In the cook distance, there exist some pints greater than 0.115.
e1.cook <- cooks.distance(e1.lm.final.stepwise)
plot(e1.cook,col="darkblue",pch=19,cex=1)
e1.inf.id <- which(cooks.distance(e1.lm.final.stepwise) > 0.115)
e1.inf.id
## 129
## 129
d1.remove.inf <- d1[-e1.inf.id,]
dim(d1.remove.inf)
## [1] 399 10
e1.lm.final.stepwise.after.elimination <- lm(Weight ~ MomWtGain+MomSmoke+Black , data=d1.remove.inf)
summary(e1.lm.final.stepwise.after.elimination)
##
## Call:
## lm(formula = Weight ~ MomWtGain + MomSmoke + Black, data = d1.remove.inf)
##
## Residuals:
## Min 1Q Median 3Q Max
## -2427.02 -309.20 2.98 315.40 1472.75
##
## Coefficients:
## Estimate Std. Error t value Pr(>|t|)
## (Intercept) 3434.252 32.078 107.059 < 2e-16 ***
## MomWtGain 13.112 2.113 6.204 1.39e-09 ***
## MomSmoke1 -238.923 76.251 -3.133 0.00186 **
## Black1 -198.519 78.022 -2.544 0.01133 *
## ---
## Signif. codes: 0 '***' 0.001 '**' 0.01 '*' 0.05 '.' 0.1 ' ' 1
##
## Residual standard error: 542.2 on 395 degrees of freedom
## Multiple R-squared: 0.1366, Adjusted R-squared: 0.1301
## F-statistic: 20.84 on 3 and 395 DF, p-value: 1.493e-12
par(mfrow=c(2,2))
plot(e1.lm.final.stepwise.after.elimination,which=1:4,col="darkblue")
3) How much of the variation in Weight is explained by the final model?
Based on previous step:
It means 13.66% of variation in Weight explained by the model.
(4) Interpret the relationship between predictor variables (in the final model) and Weight value specifically.
Final linear regression model is:
ŷ = 3434.252 + 13.112 * MomWtGain - 238.923 * MomSmoke - 198.519 * Black
β0 = 3434.252 –> Intercept
β1 = 13.112 –> Indicates how much increasing/decreasing in ŷ when one unit increase/decrease in β1 (MomWtGain).
β2 = -238.923 –> Indicates how much increasing/decreasing in ŷ when one unit increase/decrease in β2 (MomSmoke).

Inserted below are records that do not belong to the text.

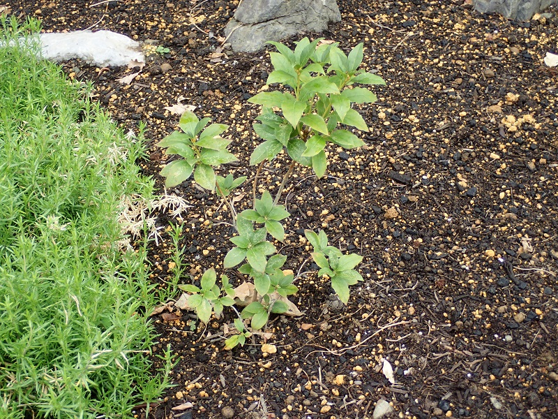 芝桜の場所へ植えた二本の玄海つつじ(白と薄ピンク)。
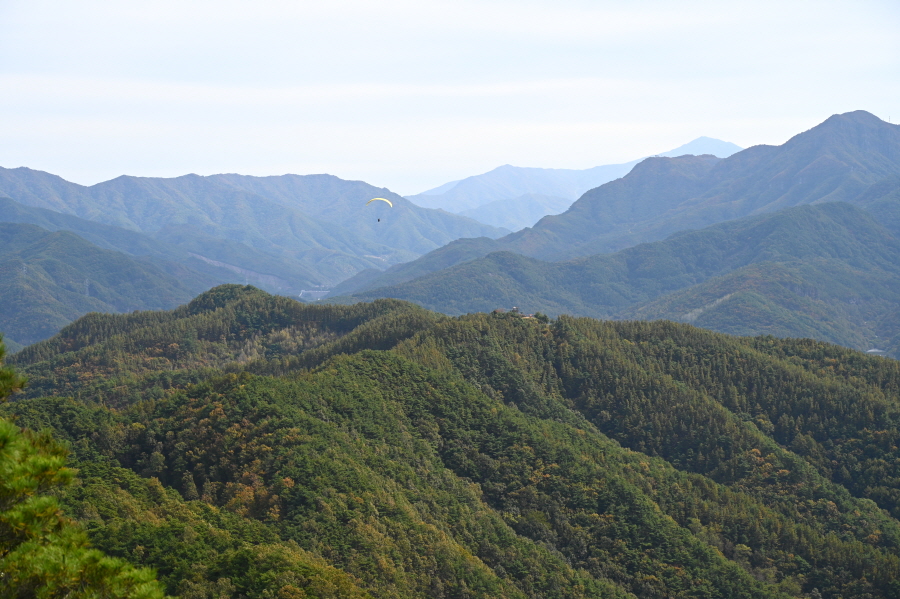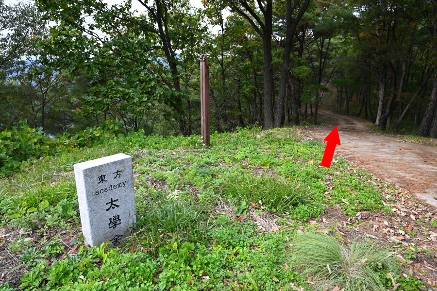 앞서 갈림길에서 활공장(0.5㎞)으로 직진해 5분이면 동방 태학사 표석이 세워진 콘크리트 임도와 만납니다. 왼쪽으로 5분이면 동서남북으로 조망이 열리는 활공장입니다.
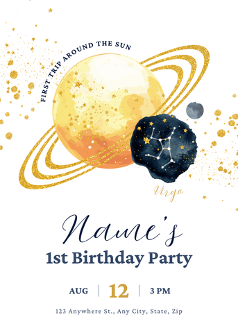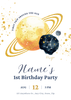 Sleek, modern first trip around the sun theme 1st birthday invitation template. Clean design meets contemporary style in this Canva-ready template. Perfect for parents who love minimalist aesthetics with maximum impact.
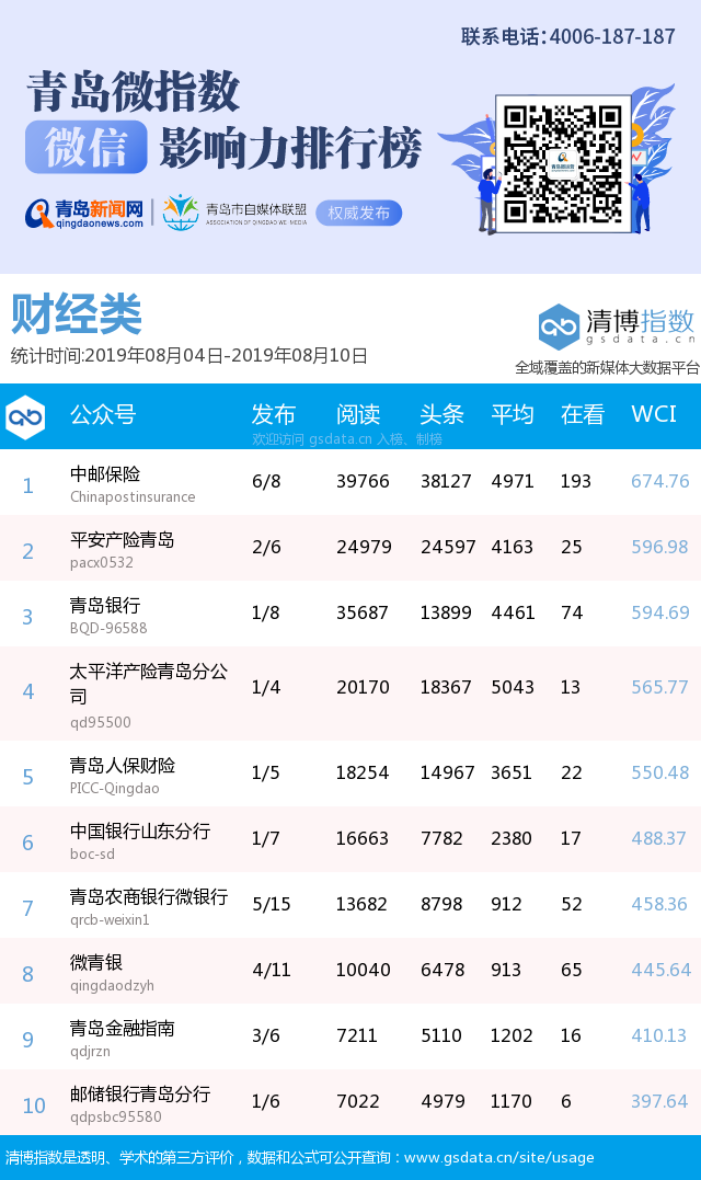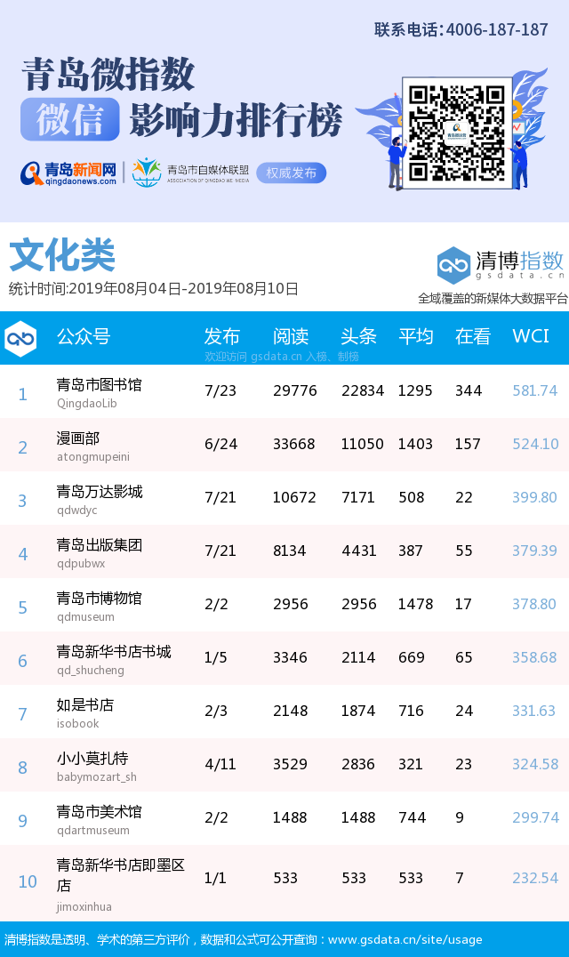 青島新聞網(wǎng)8月12日訊(記者 邢書玲)由青島新聞網(wǎng)、清博指數(shù)平臺(tái)聯(lián)手打造的“青島微指數(shù)微信影響力排行榜”今日發(fā)布一周(8月4日-8月10日)榜單。
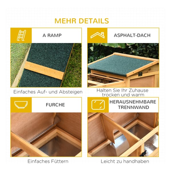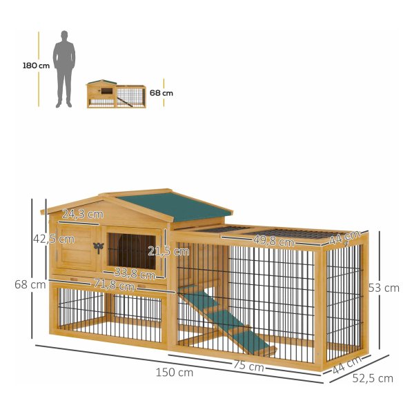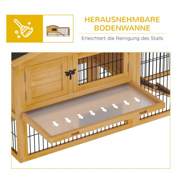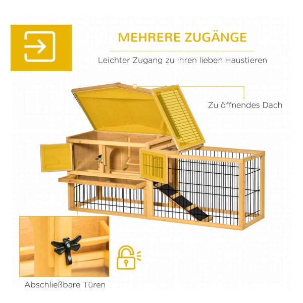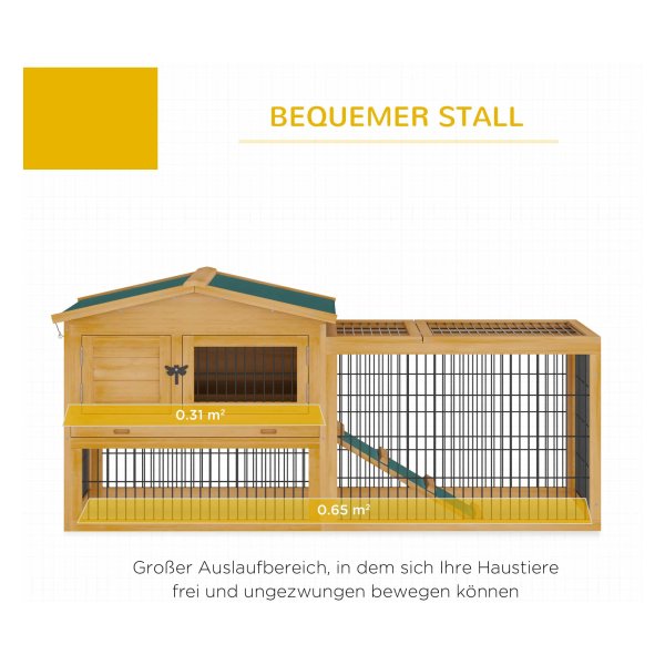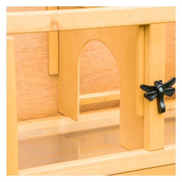 Met een handige helling kunnen de cavia’s gemakkelijk in en uit het hok bewegen, terwijl het dak kan worden geopend voor eenvoudige toegang tot het interieur. Bovendien is het hok uitgerust met een stevig hek en een veiligheidsslot voor gemoedsrust.
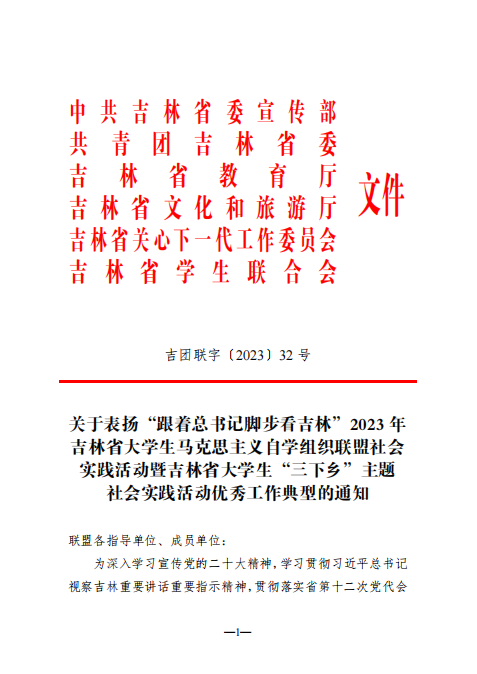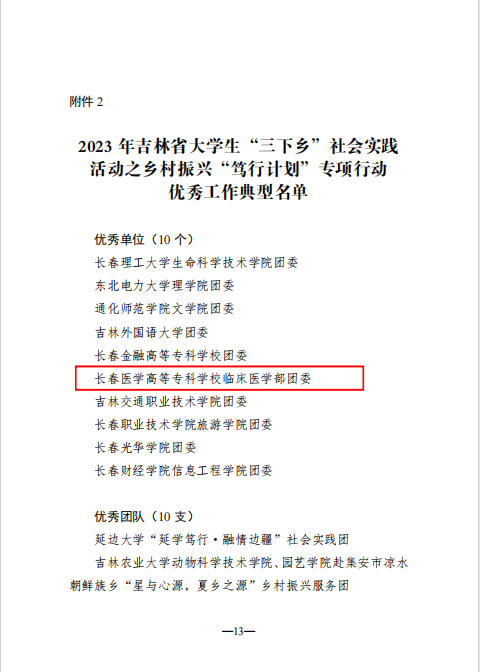近日,中共吉林省委宣传部、共青团吉林省委、吉林省教育厅、吉林省文化和旅游厅、吉林省关心下一代工作委员会和吉林省学生联合会发布《关于表扬“跟着总书记脚步看吉林”2023 年吉林省大学生马克思主义自学组织联盟社会实践活动暨吉林省大学生“三下乡”主题社会实践活动优秀工作典型的通知》,我校临床医学部团委荣获乡村振兴“笃行计划”专项行动优秀单位、医学技术学院“医之行”实践团获评社会实践活动优秀团队、团委书记刘思雅获评社会实践优秀个人。
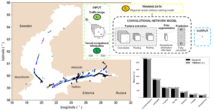 In brief, the presented method relied on Convolutional Neural Networks (CNNs) to recognize and interpret, in terms of collision risks, the images obtained from the AIS data. The model’s predictive accuracy was investigated in the presence and absence of additional navigational information. The reliability of the obtained data was validated by comparing it to the estimates derived from training data. Furthermore, data from the Baltic Sea was used as a case study to test and validate the applicability of different design model alternatives.
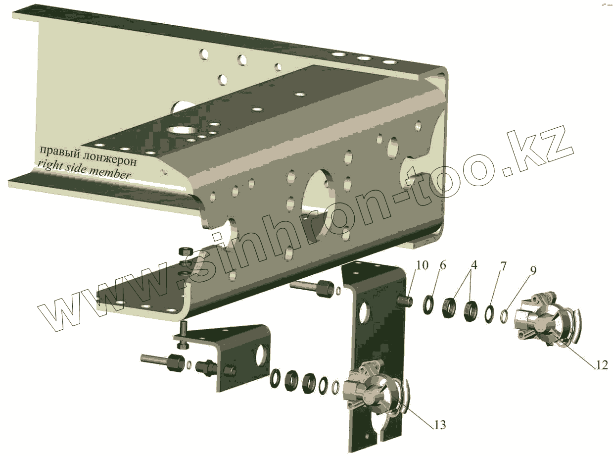 Каталог запасных частей к технике: МАЗ-6501B9. Пневмовывод к прицепу 555105-3521004
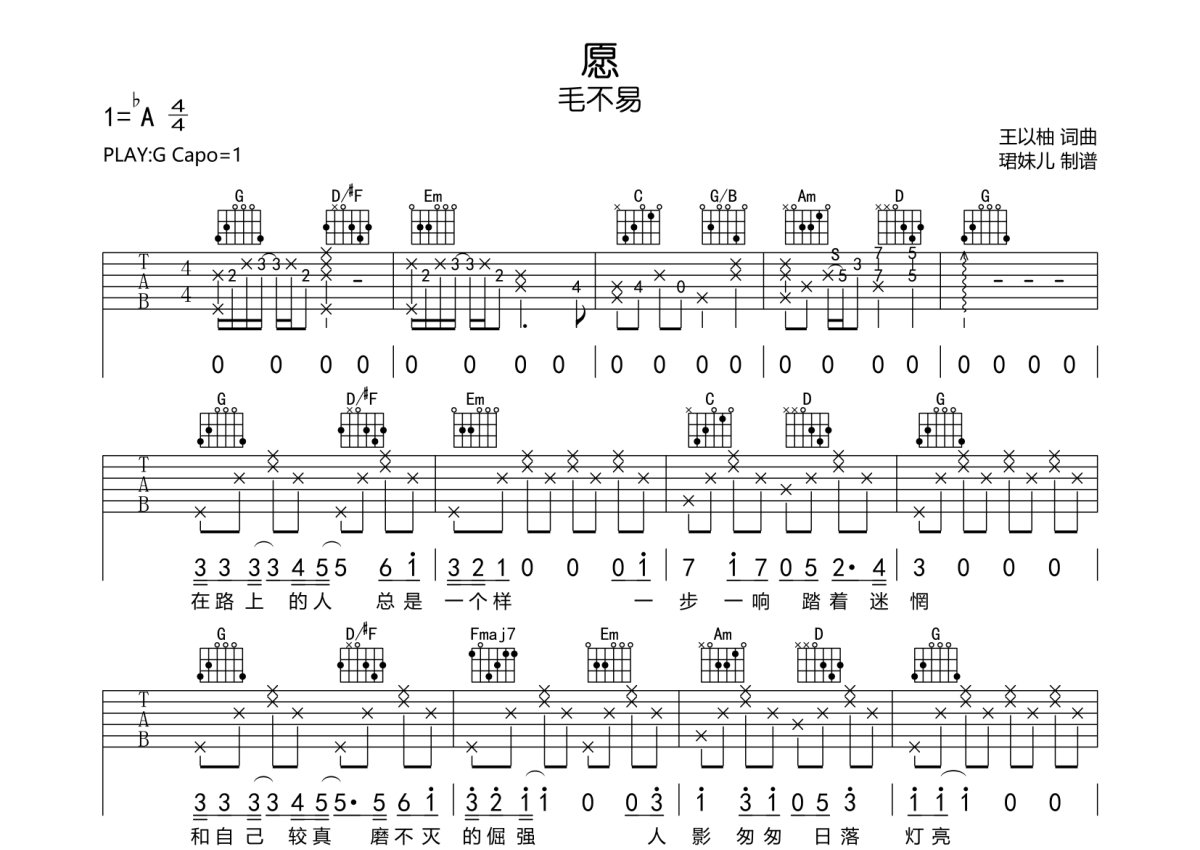 毛不易《愿》吉他谱 - G调弹唱六线谱
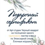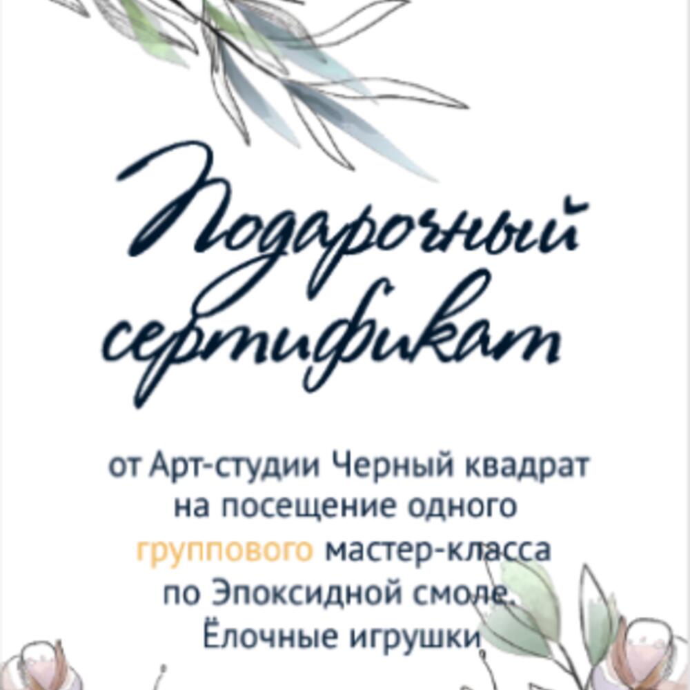 Обязательно укажите в чате электронную почту, на которую необходимо выслать сертификат! Подарочный сертификат на групповой мастер-класс Елочные игрушки из эпоксидной смолы - отличный подарок к новому году! По данному сертификату можно записаться одному человеку на групповой мастер-класс по расписанию и создать 5 елочных игрушек в индивидуальной цветовой гамме для себя или в подарок! Срок действия сертификата 1 год с момента покупки. В стоимость входят все необходимые материалы, вода, чай/кофе в студии. Продолжительность занятия до 3х часов.
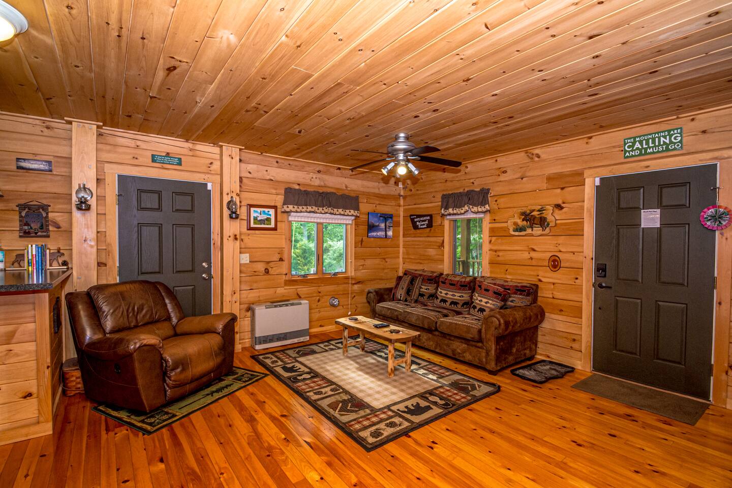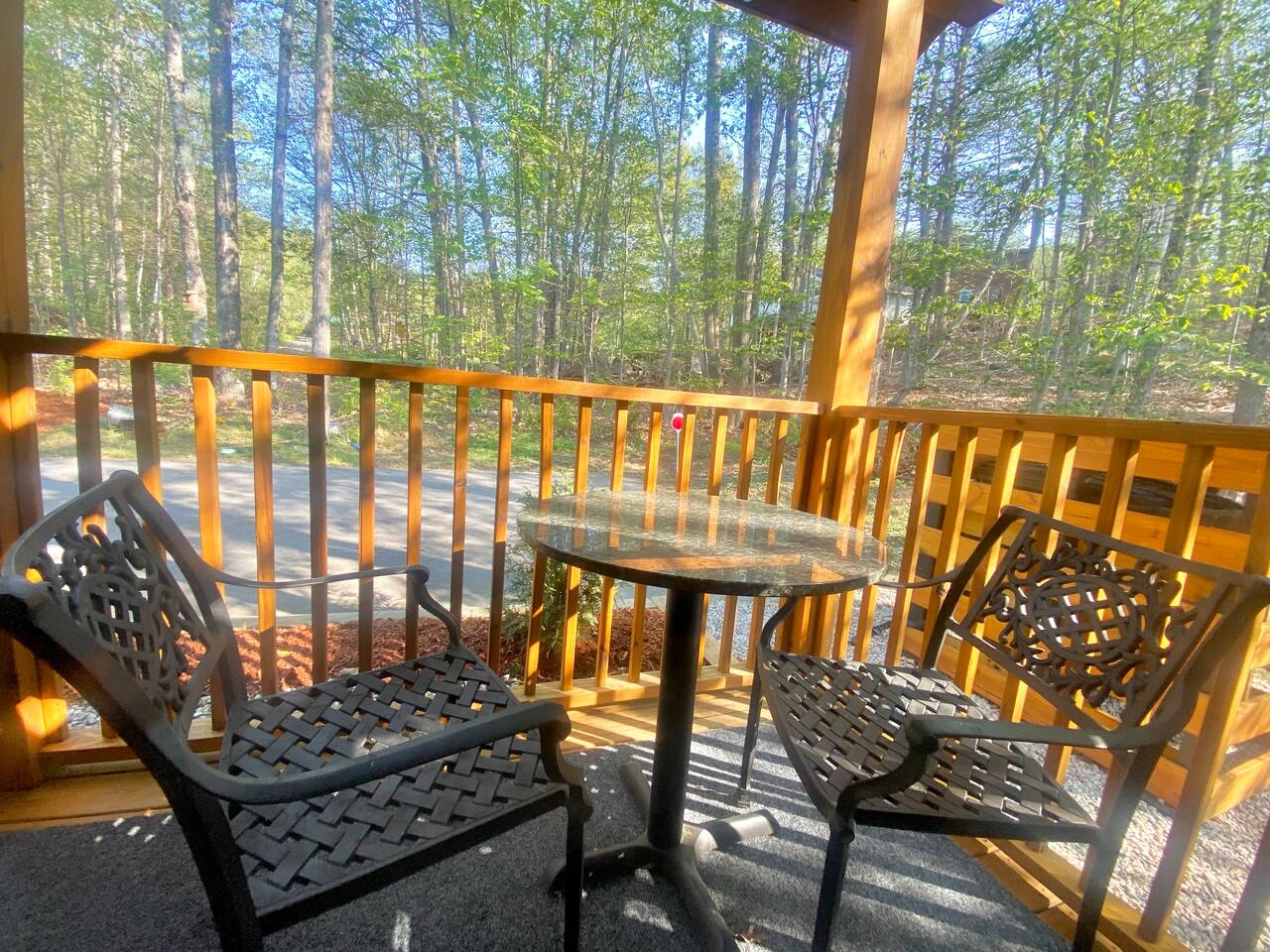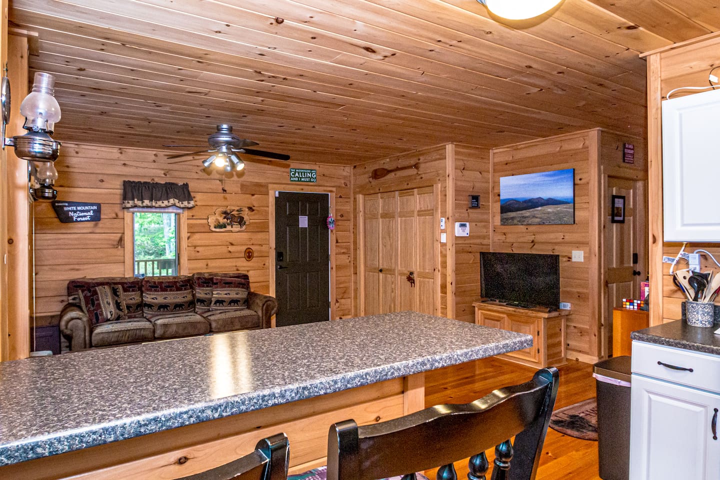 Our log cabin is situated on paved backroad on 1/3 of a wooded acre in the town of Intervale. There are other mountain homes located on both sides of our log cabin, and behind us. All of our neighbors are very nice, and it is a quiet neighborhood. Please note: You will be able to see cars driving on Dundee Road from the cabin, especially during busy weekends but you rarely can you hear any noise from inside the cabin. There are woods in front, left side, and right side of our cabin. For the neighbors to the left and right, you can partially see their houses by looking through the trees in the spring/summer months which gives the our setting some privacy during these seasons. The neighbors home are more visible in winter months when the leaves have fallen off the trees....but it's generally too cold to be sitting outside during that time anyway. Our cabin is close to many hiking trails, ski areas, shopping, dining, and mountain biking trails. It's a 30 minute walk or 2 minute drive to the river, where you can bring your camp chair and relax.
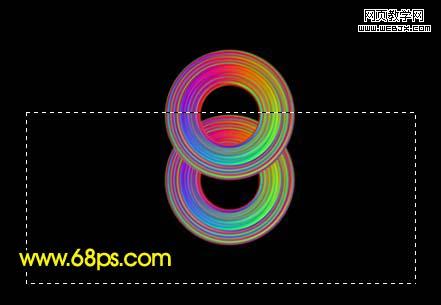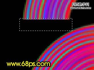 8、把彩色圓環(huán)復(fù)制一層,用矩形選框工具框選圓環(huán)下半部分,如圖11,按delete刪除,取消選區(qū)后效果如圖12。

β3 = - 198.519 –> Indicates how much increasing/decreasing in ŷ when one unit increase/decrease in β3 (Black).
MomWtGain: MomWtGain has positive effect on weight .There is 13.112 units of increase in infant weight per 1 unit increase in MomWtGain.
MomSmoke1: MomSmoke1 has negative effect on weight. There is -238.923 units of decrease in infant weight for smoking mothers.
Black1 : Black1 has negative effect on weight . There is -198.519 units of decrease in infant weight for black mothers.